-- Work to be completed --
Exclude the pictures, then repeat the remaining data exactly.

-- Available records --

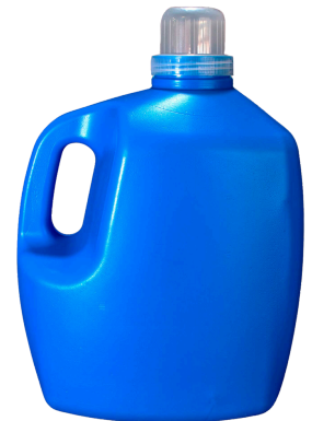
5 Litros 65mm Oval Dosif

Recipientes aptos para el envasado de productos de aseo, detergente o suavizantes
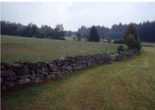
Foto 31: Schönste Steinschlichtwälle Sandls in Viehberg, bei extensiver Wiesennutzung Lebensraum der Kreuzotter
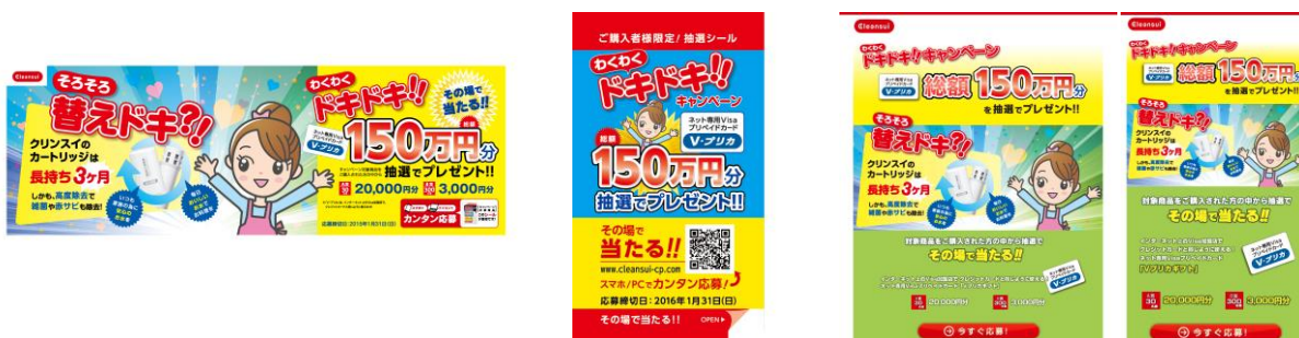
「そろそろ替えドキ?! ワクワドキドキ!!」 キャンペーンPOP(左)と、キャンペーンシール(中)、キャンペーンサイト(右)
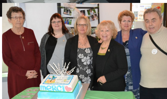
Le conseil d'administration 2018-2019.
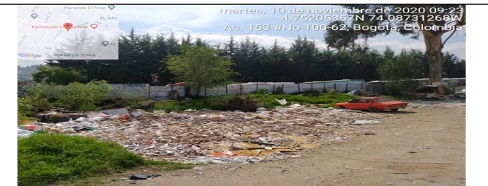
Fotografía 2. Vista externa de la disposición de Residuos de Construcción y Demolición – RCD en el predio.
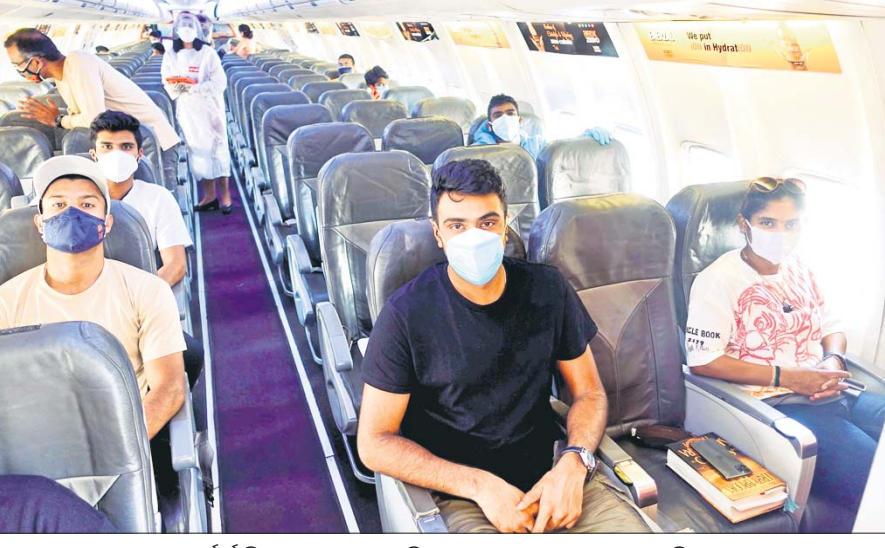
ସ୍ୱଚ୍ଛ ଗର୍ଗଟ ବିନା ନେଇ ପୂର୍ଣ୍ଣ ଆସିବା ଅବସରରେ ଭାରତୀୟ ଖେଳାଳିମାନେ।

ଜୁନ୍ ୧୮ରୁ ୨୨ ତାରିଖ ମଧ୍ୟରେ ଇଂଲଣ୍ଡର ସାଉଥାମ୍ପଟନଠାରେ ଆୟୋଜନ ହେବାକୁ ଯାଉଛି ବିଶ୍ୱ ଚେଷ୍ଟ ଚାମ୍ପିୟନଶିପ୍ ପ୍ରଥମ ସଂସ୍କରଣର ଫାଇନାଲ ମ୍ୟାଚ। ଏହି ହାଇପ୍ରୋଫାଇଲ ମ୍ୟାଚ୍‌ରେ ଭାରତ ଓ ନ୍ୟୁଜିଲାଣ୍ଡ ପରସ୍ପରକୁ ଭେଟିବେ। ଏବେଠାରୁ ଏହି ମ୍ୟାଚ୍ ନେଇ ପ୍ରଶଂସକଙ୍କ ମଧ୍ୟରେ ଉତ୍ତୁକତା ଦେଖାଦେଇଛି। ଚେଷ୍ଟ ଯଦି ଏହି ନିର୍ଣ୍ଣାୟକ ଚେଷ୍ଟ ମ୍ୟାଚ୍ ଡ୍ର, ଟାଇ କିମ୍ବା ଖିଆଉଟ ହୁଏ ତେବେ ଫାଇନାଲ କ'ଣ ହେବ ଓ କେଉଁ ଦଳକୁ ଚାମ୍ପିୟନ ଘୋଷିତ କରାଯିବ ସେ ନେଇ ପ୍ରଶ୍ନବାଚୀ ସୃଷ୍ଟି ହୋଇଛି। ପୂର୍ବ ମ୍ୟାଚ୍‌ରେ ଚେଷ୍ଟ କଣ୍ଡିଶନ ଅର୍ଥାତ୍ ମ୍ୟାଚ୍ ସହିତ ଜଡ଼ିତ ପରିସ୍ଥିତି ସମ୍ପର୍କିତ ନିୟମ ଓ ସର୍ତ୍ତ ନେଇ ଅଭିଜ୍ଞତା ଲାଭ କରିବାକୁ ଆଗାମୀ କିଛିଦିନରେ ଆଇସିସି ଚେଷ୍ଟ କଣ୍ଡିଶନ ନେଇ ବିବରଣୀ ପ୍ରଦାନ କରିବ ବୋଲି ଆଶା କରାଯାଉଛି। ଏହା ଏକ ଦ୍ୱିପାକ୍ଷିକ ସିରିଜର ଚେଷ୍ଟ ମ୍ୟାଚ୍ ନୁହେଁ। ଏହା ଏକ ନିର୍ଣ୍ଣାୟକ ଫାଇନାଲ ମ୍ୟାଚ୍। ଚେଷ୍ଟ ଚେଷ୍ଟ କଣ୍ଡିଶନ ନେଇ ଆମେ ଶାନ୍ତିବାକୁ ଚାହୁଁଛୁ ବୋଲି ଭାରତୀୟ କ୍ରିକେଟ କଣ୍ଡିଶନ ବୋର୍ଡ (ବିସିଆଇ) ଜଣେ ବରିଷ୍ଠ ଅଧିକାରୀ କହିଛନ୍ତି। ଯଦି ଏହି ମ୍ୟାଚ୍ ଡ୍ର, ଟାଇ କିମ୍ବା ଖିଆଉଟ ହେବ ତେବେ ଆୟୋଜନ ହେବାକୁ ଥିବା ୨୦୨୩ ଏସିଆନ୍ କପ୍ ପାଇଁ ବାଧ୍ୟତା ସୃଷ୍ଟି ହେବ। ଆଗାମୀ କିଛିଦିନରେ ଆଇସିସି ଚେଷ୍ଟ କଣ୍ଡିଶନ ନେଇ ବିବରଣୀ ପ୍ରଦାନ କରିବ ବୋଲି ଆଶା କରାଯାଉଛି। ଏହା ଏକ ନିର୍ଣ୍ଣାୟକ ଫାଇନାଲ ମ୍ୟାଚ୍। ଚେଷ୍ଟ ଚେଷ୍ଟ କଣ୍ଡିଶନ ନେଇ ଆମେ ଶାନ୍ତିବାକୁ ଚାହୁଁଛୁ ବୋଲି ଭାରତୀୟ କ୍ରିକେଟ କଣ୍ଡିଶନ ବୋର୍ଡ (ବିସିଆଇ) ଜଣେ ବରିଷ୍ଠ ଅଧିକାରୀ କହିଛନ୍ତି। ଯଦି ଏହି ମ୍ୟାଚ୍ ଡ୍ର, ଟାଇ କିମ୍ବା ଖିଆଉଟ ହେବ ତେବେ ଆୟୋଜନ ହେବାକୁ ଥିବା ୨୦୨୩ ଏସିଆନ୍ କପ୍ ପାଇଁ ବାଧ୍ୟତା ସୃଷ୍ଟି ହେବ।
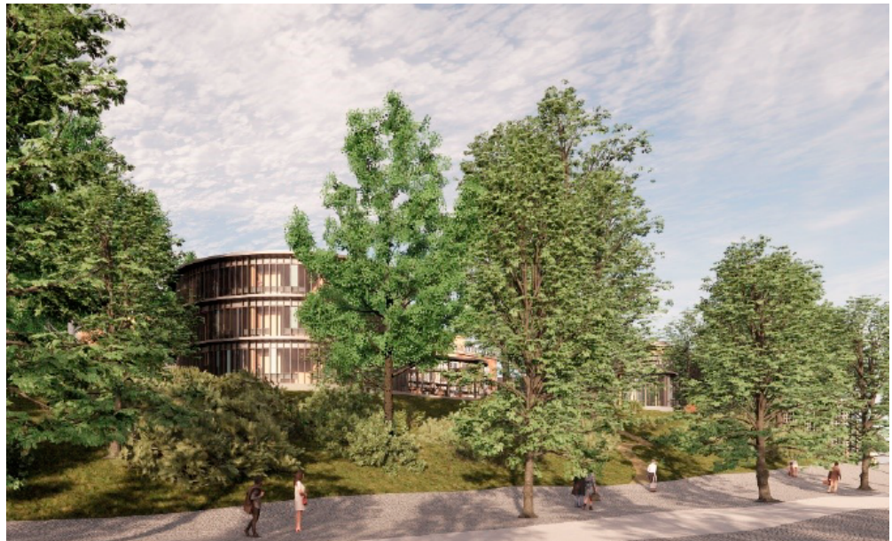
Nya Moriska från Djurgårdsvägen.

Hasselbacken finns därmed delvis kvar. Nya Moriska innehåller hotellrum och servering på bottenvåningen.

-- Result --
5 Litros 65mm Oval Dosif

Recipientes aptos para el envasado de productos de aseo, detergente o suavizantes
Foto 31: Schönste Steinschlichtwälle Sandls in Viehberg, bei extensiver Wiesennutzung Lebensraum der Kreuzotter
「そろそろ替えドキ?! ワクワドキドキ!!」 キャンペーンPOP(左)と、キャンペーンシール(中)、キャンペーンサイト(右)
Le conseil d'administration 2018-2019.
Fotografía 2. Vista externa de la disposición de Residuos de Construcción y Demolición – RCD en el predio.
ସ୍ୱଚ୍ଛ ଗର୍ଗଟ ବିନା ନେଇ ପୂର୍ଣ୍ଣ ଆସିବା ଅବସରରେ ଭାରତୀୟ ଖେଳାଳିମାନେ।

ଜୁନ୍ ୧୮ରୁ ୨୨ ତାରିଖ ମଧ୍ୟରେ ଇଂଲଣ୍ଡର ସାଉଥାମ୍ପଟନଠାରେ ଆୟୋଜନ ହେବାକୁ ଯାଉଛି ବିଶ୍ୱ ଚେଷ୍ଟ ଚାମ୍ପିୟନଶିପ୍ ପ୍ରଥମ ସଂସ୍କରଣର ଫାଇନାଲ ମ୍ୟାଚ। ଏହି ହାଇପ୍ରୋଫାଇଲ ମ୍ୟାଚ୍‌ରେ ଭାରତ ଓ ନ୍ୟୁଜିଲାଣ୍ଡ ପରସ୍ପରକୁ ଭେଟିବେ। ଏବେଠାରୁ ଏହି ମ୍ୟାଚ୍ ନେଇ ପ୍ରଶଂସକଙ୍କ ମଧ୍ୟରେ ଉତ୍ତୁକତା ଦେଖାଦେଇଛି। ଚେଷ୍ଟ ଯଦି ଏହି ନିର୍ଣ୍ଣାୟକ ଚେଷ୍ଟ ମ୍ୟାଚ୍ ଡ୍ର, ଟାଇ କିମ୍ବା ଖିଆଉଟ ହୁଏ ତେବେ ଫାଇନାଲ କ'ଣ ହେବ ଓ କେଉଁ ଦଳକୁ ଚାମ୍ପିୟନ ଘୋଷିତ କରାଯିବ ସେ ନେଇ ପ୍ରଶ୍ନବାଚୀ ସୃଷ୍ଟି ହୋଇଛି। ପୂର୍ବ ମ୍ୟାଚ୍‌ରେ ଚେଷ୍ଟ କଣ୍ଡିଶନ ଅର୍ଥାତ୍ ମ୍ୟାଚ୍ ସହିତ ଜଡ଼ିତ ପରିସ୍ଥିତି ସମ୍ପର୍କିତ ନିୟମ ଓ ସର୍ତ୍ତ ନେଇ ଅଭିଜ୍ଞତା ଲାଭ କରିବାକୁ ଆଗାମୀ କିଛିଦିନରେ ଆଇସିସି ଚେଷ୍ଟ କଣ୍ଡିଶନ ନେଇ ବିବରଣୀ ପ୍ରଦାନ କରିବ ବୋଲି ଆଶା କରାଯାଉଛି। ଏହା ଏକ ଦ୍ୱିପାକ୍ଷିକ ସିରିଜର ଚେଷ୍ଟ ମ୍ୟାଚ୍ ନୁହେଁ। ଏହା ଏକ ନିର୍ଣ୍ଣାୟକ ଫାଇନାଲ ମ୍ୟାଚ୍। ଚେଷ୍ଟ ଚେଷ୍ଟ କଣ୍ଡିଶନ ନେଇ ଆମେ ଶାନ୍ତିବାକୁ ଚାହୁଁଛୁ ବୋଲି ଭାରତୀୟ କ୍ରିକେଟ କଣ୍ଡିଶନ ବୋର୍ଡ (ବିସିଆଇ) ଜଣେ ବରିଷ୍ଠ ଅଧିକାରୀ କହିଛନ୍ତି। ଯଦି ଏହି ମ୍ୟାଚ୍ ଡ୍ର, ଟାଇ କିମ୍ବା ଖିଆଉଟ ହେବ ତେବେ ଆୟୋଜନ ହେବାକୁ ଥିବା ୨୦୨୩ ଏସିଆନ୍ କପ୍ ପାଇଁ ବାଧ୍ୟତା ସୃଷ୍ଟି ହେବ। ଆଗାମୀ କିଛିଦିନରେ ଆଇସିସି ଚେଷ୍ଟ କଣ୍ଡିଶନ ନେଇ ବିବରଣୀ ପ୍ରଦାନ କରିବ ବୋଲି ଆଶା କରାଯାଉଛି। ଏହା ଏକ ନିର୍ଣ୍ଣାୟକ ଫାଇନାଲ ମ୍ୟାଚ୍। ଚେଷ୍ଟ ଚେଷ୍ଟ କଣ୍ଡିଶନ ନେଇ ଆମେ ଶାନ୍ତିବାକୁ ଚାହୁଁଛୁ ବୋଲି ଭାରତୀୟ କ୍ରିକେଟ କଣ୍ଡିଶନ ବୋର୍ଡ (ବିସିଆଇ) ଜଣେ ବରିଷ୍ଠ ଅଧିକାରୀ କହିଛନ୍ତି। ଯଦି ଏହି ମ୍ୟାଚ୍ ଡ୍ର, ଟାଇ କିମ୍ବା ଖିଆଉଟ ହେବ ତେବେ ଆୟୋଜନ ହେବାକୁ ଥିବା ୨୦୨୩ ଏସିଆନ୍ କପ୍ ପାଇଁ ବାଧ୍ୟତା ସୃଷ୍ଟି ହେବ।
Nya Moriska från Djurgårdsvägen.

Hasselbacken finns därmed delvis kvar. Nya Moriska innehåller hotellrum och servering på bottenvåningen.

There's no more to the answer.